PROBLEM TO SOLVE: Give back the listing in full and exactly, leaving out the images.

THE DATA:
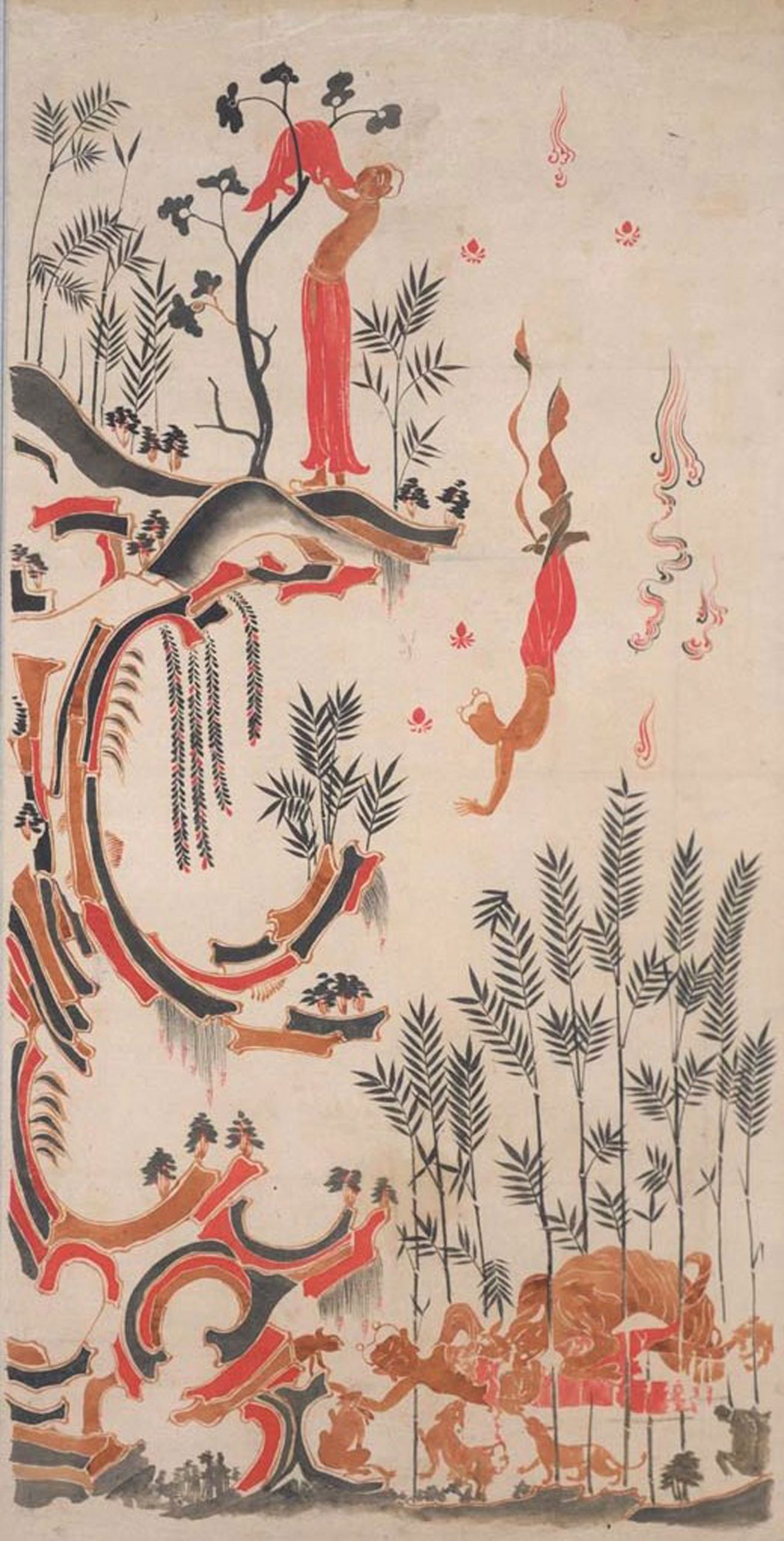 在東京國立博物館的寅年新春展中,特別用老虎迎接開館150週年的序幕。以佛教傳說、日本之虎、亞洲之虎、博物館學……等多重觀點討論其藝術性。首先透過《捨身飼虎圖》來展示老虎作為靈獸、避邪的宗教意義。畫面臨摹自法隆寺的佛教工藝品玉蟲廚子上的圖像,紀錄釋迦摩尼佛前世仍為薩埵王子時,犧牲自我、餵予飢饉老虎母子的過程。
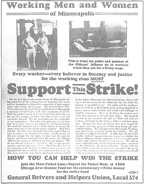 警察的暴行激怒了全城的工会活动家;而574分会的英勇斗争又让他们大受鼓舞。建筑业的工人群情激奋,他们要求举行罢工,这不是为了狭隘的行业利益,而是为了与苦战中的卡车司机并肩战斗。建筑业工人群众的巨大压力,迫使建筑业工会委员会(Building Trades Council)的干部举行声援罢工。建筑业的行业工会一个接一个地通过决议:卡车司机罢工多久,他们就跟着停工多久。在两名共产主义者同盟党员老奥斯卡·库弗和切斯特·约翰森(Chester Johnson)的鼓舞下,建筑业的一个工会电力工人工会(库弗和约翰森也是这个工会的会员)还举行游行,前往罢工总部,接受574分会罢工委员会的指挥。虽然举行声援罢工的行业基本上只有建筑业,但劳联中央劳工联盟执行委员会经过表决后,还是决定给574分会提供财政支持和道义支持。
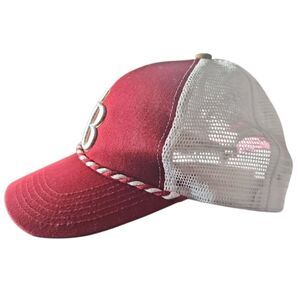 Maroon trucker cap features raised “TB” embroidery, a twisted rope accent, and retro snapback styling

RESPONSE TO THIS EXERCISE:
 在東京國立博物館的寅年新春展中,特別用老虎迎接開館150週年的序幕。以佛教傳說、日本之虎、亞洲之虎、博物館學……等多重觀點討論其藝術性。首先透過《捨身飼虎圖》來展示老虎作為靈獸、避邪的宗教意義。畫面臨摹自法隆寺的佛教工藝品玉蟲廚子上的圖像,紀錄釋迦摩尼佛前世仍為薩埵王子時,犧牲自我、餵予飢饉老虎母子的過程。
 警察的暴行激怒了全城的工会活动家;而574分会的英勇斗争又让他们大受鼓舞。建筑业的工人群情激奋,他们要求举行罢工,这不是为了狭隘的行业利益,而是为了与苦战中的卡车司机并肩战斗。建筑业工人群众的巨大压力,迫使建筑业工会委员会(Building Trades Council)的干部举行声援罢工。建筑业的行业工会一个接一个地通过决议:卡车司机罢工多久,他们就跟着停工多久。在两名共产主义者同盟党员老奥斯卡·库弗和切斯特·约翰森(Chester Johnson)的鼓舞下,建筑业的一个工会电力工人工会(库弗和约翰森也是这个工会的会员)还举行游行,前往罢工总部,接受574分会罢工委员会的指挥。虽然举行声援罢工的行业基本上只有建筑业,但劳联中央劳工联盟执行委员会经过表决后,还是决定给574分会提供财政支持和道义支持。
 Maroon trucker cap features raised “TB” embroidery, a twisted rope accent, and retro snapback styling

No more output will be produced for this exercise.